I was just waiting on my hubby to finish getting ready so we can head to the water and spend some time together relaxing, fishing, etc. and I saw your post.
Have some questions for you so we know what kind of support you need. Are you out of hydro's on purpose? Did you just run out early? Are you going to try to detox and quit the opiates?
For now and until you answer those questions I would advise you read posts from other people. That will help you a lot just in knowing that you are not alone. With it being a holiday weekend there may not be a ton of peeps in here today but be patient....others will come and offer you the support you need. Everyone is going to ask the questions I did though.
You are in my prayers.
No I have been tapering for sometime now,last week I was down to 2.5mg 2 x daily.the last 2 days before the jump took 1 2.5 then jumped. I have done this many times. Just want this to be the final one. Im not really too sick,just weak,like I have the flu. which is normal I know.One day at a time,thanks for comment though. Have a great day!!

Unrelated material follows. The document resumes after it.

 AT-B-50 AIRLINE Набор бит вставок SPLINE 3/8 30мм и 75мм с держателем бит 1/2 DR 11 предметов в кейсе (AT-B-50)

Hi torri, as you've said, you've been through this many times. Is this finally gonna be the last time for you? Have you cut off all your sources? Thought about getting some kind of aftercare/support? These steps are critical for long term success. I can certainly understand about being emotional. I was too. The best thing I can say, is to get up and get moving as much as possible. Try to accomplish even some small things. Maybe just go outside and get some fresh air. That always helped me. If I would just lay around, it made my emotions worse. I would just feel sorry for myself and cry. A positive attitude is everything. You can do this! I hope you feel better soon. Take care, I wish you all the best.

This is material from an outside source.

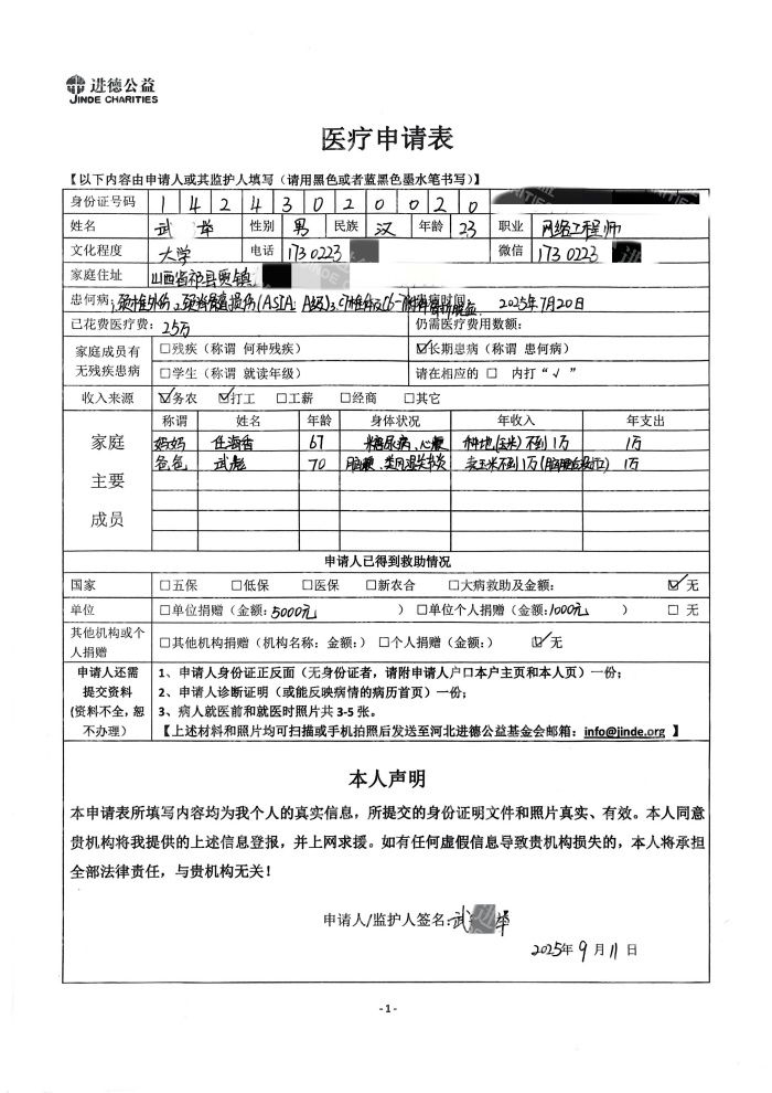 3. 2579 23岁山西汉子武*举突遭横祸,贫困家庭盼生机

Definitely get outdoors. Move around in your house, take a bath and get clean clothes on and put fresh sheets on your bed....pamper yourself a little. Light a candle. Do you like to read? Play video games or watch YouTube videos? You need to force yourself to do things and get distracted.
Sonrissa brought up aftercare. It's very important and could help you make this your last time. Let us know how you're doing.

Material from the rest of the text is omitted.